----- Exercise material -----

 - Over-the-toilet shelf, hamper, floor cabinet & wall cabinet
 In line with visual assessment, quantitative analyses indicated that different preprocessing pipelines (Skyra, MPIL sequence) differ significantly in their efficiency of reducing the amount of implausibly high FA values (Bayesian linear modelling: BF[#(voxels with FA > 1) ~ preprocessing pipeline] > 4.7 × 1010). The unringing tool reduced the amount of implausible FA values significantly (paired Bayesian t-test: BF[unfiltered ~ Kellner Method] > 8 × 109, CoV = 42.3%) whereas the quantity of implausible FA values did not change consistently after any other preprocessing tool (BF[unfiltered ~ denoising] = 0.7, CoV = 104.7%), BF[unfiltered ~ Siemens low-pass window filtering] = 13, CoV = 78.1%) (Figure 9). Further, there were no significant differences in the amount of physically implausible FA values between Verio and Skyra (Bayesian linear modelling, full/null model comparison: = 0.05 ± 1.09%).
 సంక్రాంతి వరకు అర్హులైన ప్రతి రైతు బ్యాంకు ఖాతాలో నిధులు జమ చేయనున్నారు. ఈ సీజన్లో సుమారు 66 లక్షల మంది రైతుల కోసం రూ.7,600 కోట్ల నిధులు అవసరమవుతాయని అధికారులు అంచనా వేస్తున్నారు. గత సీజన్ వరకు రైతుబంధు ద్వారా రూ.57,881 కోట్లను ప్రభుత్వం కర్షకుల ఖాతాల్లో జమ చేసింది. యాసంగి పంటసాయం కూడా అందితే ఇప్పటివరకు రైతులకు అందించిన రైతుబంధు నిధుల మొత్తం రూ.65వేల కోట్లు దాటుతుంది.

-----
----- Exercise material -----

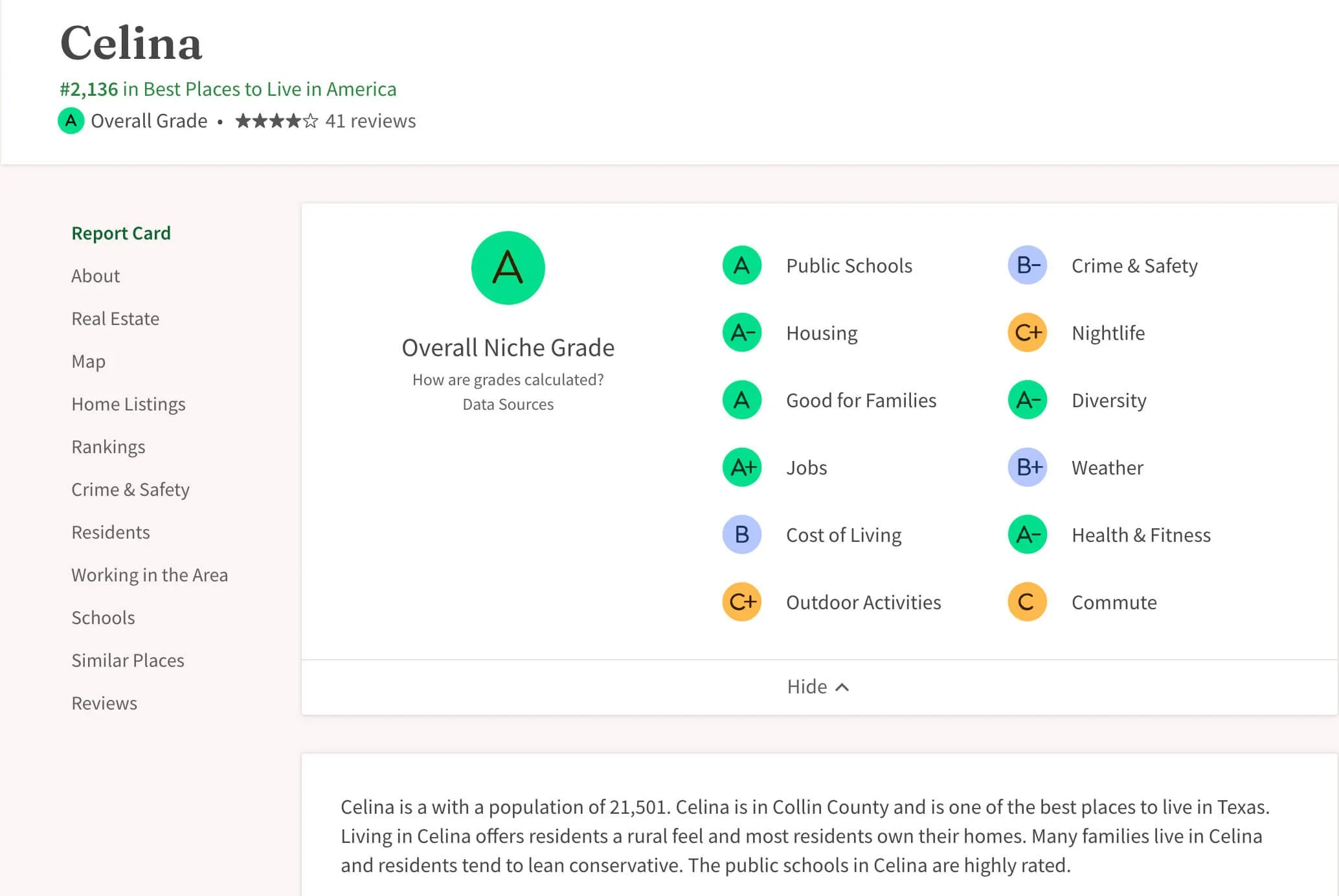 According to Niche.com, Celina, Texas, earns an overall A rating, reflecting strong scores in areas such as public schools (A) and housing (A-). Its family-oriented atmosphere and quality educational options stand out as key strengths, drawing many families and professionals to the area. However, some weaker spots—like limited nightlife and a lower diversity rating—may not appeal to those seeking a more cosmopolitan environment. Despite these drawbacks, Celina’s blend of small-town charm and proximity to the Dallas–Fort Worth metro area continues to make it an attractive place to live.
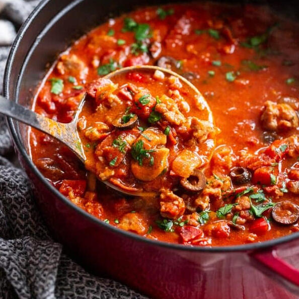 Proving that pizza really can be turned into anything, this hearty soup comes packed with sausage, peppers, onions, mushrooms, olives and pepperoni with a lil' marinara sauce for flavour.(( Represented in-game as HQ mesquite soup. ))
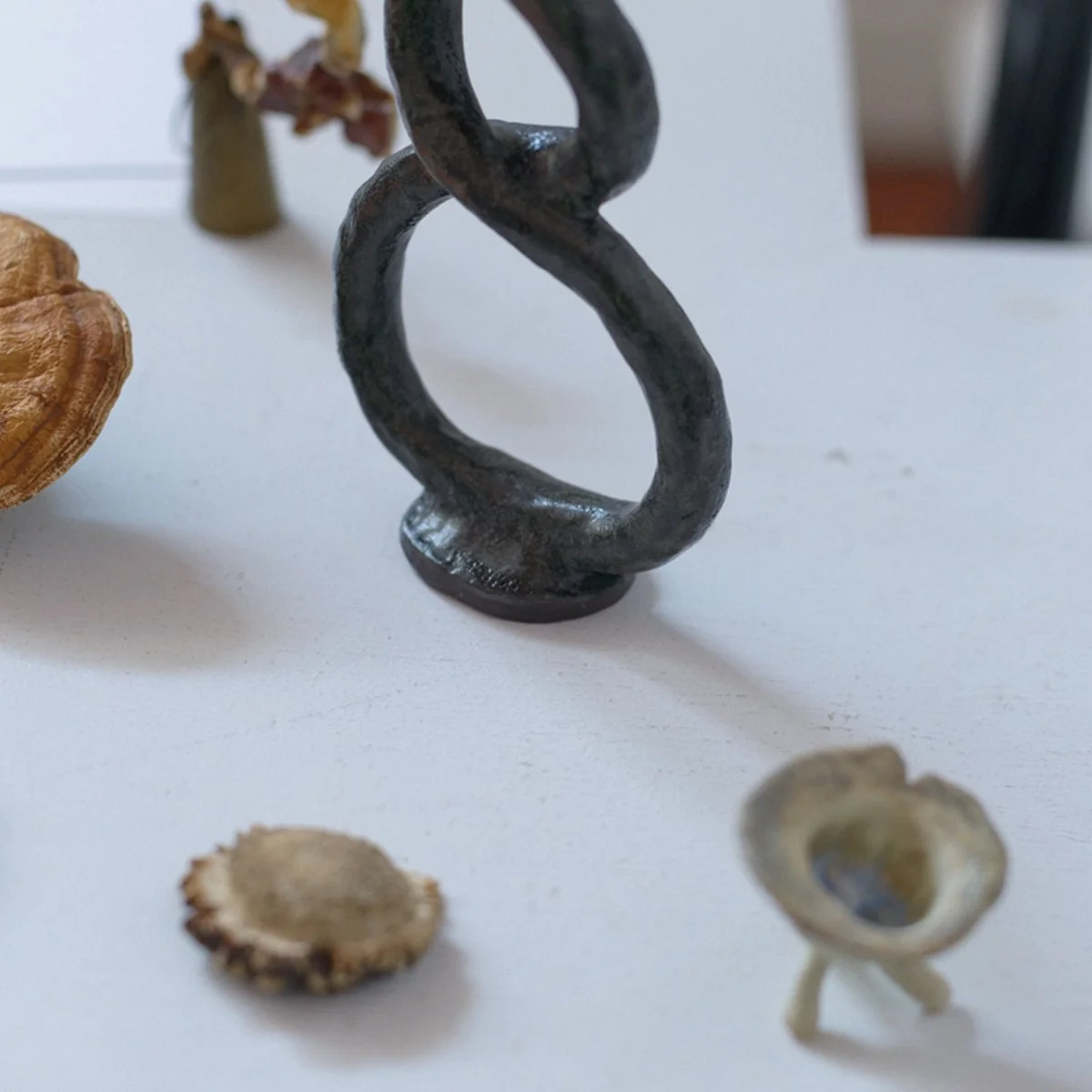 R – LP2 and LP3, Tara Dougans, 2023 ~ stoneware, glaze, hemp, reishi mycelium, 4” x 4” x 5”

-----

Exercise.
From the entries above, return exactly the line containing "In line with", the line containing "సంక్రాంతి వరకు అర్హులైన", and all lines between, and nothing else.

Exercise output.
 In line with visual assessment, quantitative analyses indicated that different preprocessing pipelines (Skyra, MPIL sequence) differ significantly in their efficiency of reducing the amount of implausibly high FA values (Bayesian linear modelling: BF[#(voxels with FA > 1) ~ preprocessing pipeline] > 4.7 × 1010). The unringing tool reduced the amount of implausible FA values significantly (paired Bayesian t-test: BF[unfiltered ~ Kellner Method] > 8 × 109, CoV = 42.3%) whereas the quantity of implausible FA values did not change consistently after any other preprocessing tool (BF[unfiltered ~ denoising] = 0.7, CoV = 104.7%), BF[unfiltered ~ Siemens low-pass window filtering] = 13, CoV = 78.1%) (Figure 9). Further, there were no significant differences in the amount of physically implausible FA values between Verio and Skyra (Bayesian linear modelling, full/null model comparison: = 0.05 ± 1.09%).
 సంక్రాంతి వరకు అర్హులైన ప్రతి రైతు బ్యాంకు ఖాతాలో నిధులు జమ చేయనున్నారు. ఈ సీజన్లో సుమారు 66 లక్షల మంది రైతుల కోసం రూ.7,600 కోట్ల నిధులు అవసరమవుతాయని అధికారులు అంచనా వేస్తున్నారు. గత సీజన్ వరకు రైతుబంధు ద్వారా రూ.57,881 కోట్లను ప్రభుత్వం కర్షకుల ఖాతాల్లో జమ చేసింది. యాసంగి పంటసాయం కూడా అందితే ఇప్పటివరకు రైతులకు అందించిన రైతుబంధు నిధుల మొత్తం రూ.65వేల కోట్లు దాటుతుంది.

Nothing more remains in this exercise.